2. Materials and Methods
2.1. Insect Rearing and Soybean Plants
Adults and nymphs of R. pedestris were collected from soybean fields at Shandong and Nanjing, China, in 2019, and since then, have been kept in the laboratory. R. pedestris insects were reared in cages (40 cm × 40 cm × 40 cm) at 25 °C under a 16:8 h (light: dark) photoperiod with potted soybean plants and dried seeds as their food source. Soybean (cv. Williams) plants were cultivated at 25 °C and 60% of relative humidity under a 16:8 h (light:dark) photoperiod in plant culture room.
2.2. EPG Recordings
The feeding behavior of R. pedestris on soybean leaves, pods, and cotyledon was recorded using an eight-channel DC EPG (Giga-8 DC-EPG) system. Before EPG investigation, insects were subjected to hunger treatment for 1 h and then anesthetized with CO2. One end of an electrode was adhered to each anesthetized insect thorax with conductive silver glue and then inserted into the EPG probe. Subsequently, a copper-rod plant electrode was inserted into the soil of planted soybean pots to close the electrical circuit for recording. The working principle of EPG was briefly demonstrated in Figure 1A. A total of 50 insects were successfully recorded continually for at least 16 h. The recorded waveform output such as the shape, amplitude, and frequency in hertz was analyzed using software stylet+a, which was downloaded from www.epgsystems.eu. Considering that cotyledons are germinated from soybean seeds, waveforms of cotyledon were also described. Due to the small size of the first-to-third-instar nymphs of R. pedestris and difficulty of attaching to the gold wire, the fourth- and fifth-instar nymphs and adults (approximately 15–18 days from the first instar) were used to conduct the investigation.

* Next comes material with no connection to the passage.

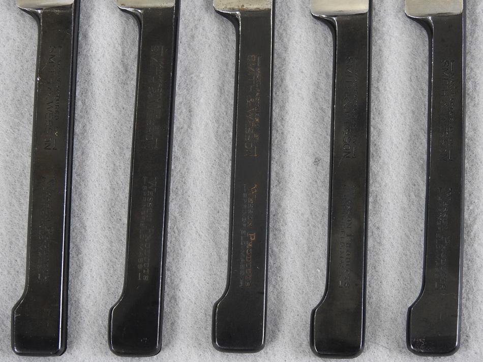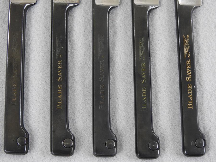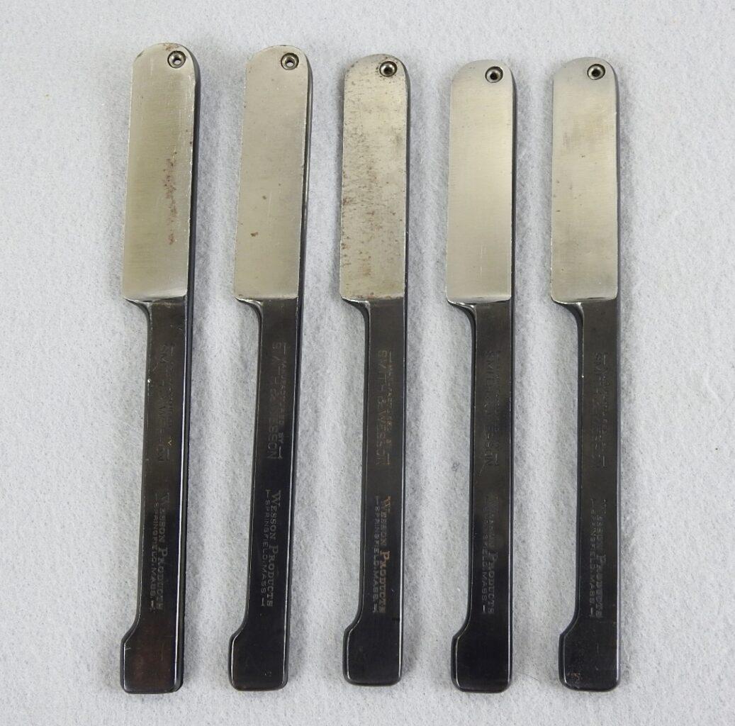 There are 5 Smith & Wesson Blade Saver Shaving Handles $100 Each. There are only 5 of these handles, 3 are marked #1 and 2 are marked #III. The handles are marked Manufactured By Smith & Wesson, Wesson Products Springfield, Mass. and the other side is marked Blade Saver Patent Pending. These are very good plus condition are very Rare and were made in the early 1920s. Each held a straight razor blade and they were stropped with a razor strap to freshen up the edge.
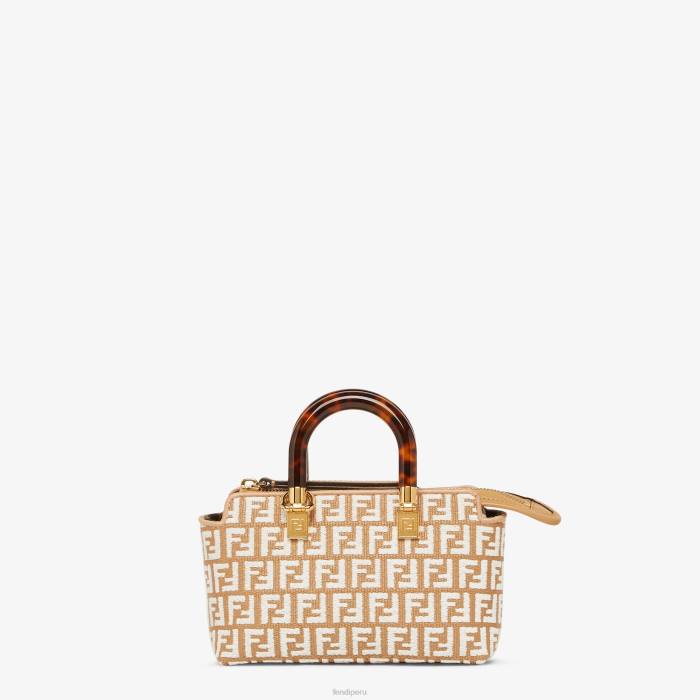 Fendi mujer bolso boston pequeño de rafia con motivo ff de tejido tapiz 2LH8E601 accesorios blanco

2.3. Plant Tissue Histology
To observe stylet pathways of R. pedestris in soybean plants, EPG recording was conducted as the previous EPG method. When the specific waveform of interest was observed, the EPG monitor was turned off and the R. pedestris stylets were immediately and carefully excised with a sharp micro-scissors. The plant tissues including the leaf, stem, pod, and cotyledon with stylets in were carefully hand-cut into thin sections using a sharp razor blade. The whole process was performed gently to prevent the dislodgement of insect stylets. Some plant tissues containing R. pedestris stylets were embedded in paraffin and sectioned with 3–4 μm of thickness as previously described [27]. The dissected plant tissues carrying R. pedestris stylets were observed and recorded under an Olympus BX phase contrast microscope (Olympus Corp) using a TOUPCAM digital camera and Imageview software. The salivary sheath was stained using acid fuchsine to facilitate observation.
3. Results
3.1. Characterization of EPG Waveforms of R. Pedestris on Soybean Plants
Based on the previous publications of Pentotamidae species [24,28], a family close to Alydidae, and our analysis, a total of six different waveforms were identified for R. pedestris—Z, NP, Rp1, Rp2, Rp3 and Rp4—grouped into five different phases—non-probing, pathway (P), ingestion (I), salivation and ingestion, and interruption (N) (Table 1). The types of probing and ingestion and interruption waveforms were labeled by Rp (for R. pedestris) followed by a number, as applied in other studies with heteropterans species [24,28].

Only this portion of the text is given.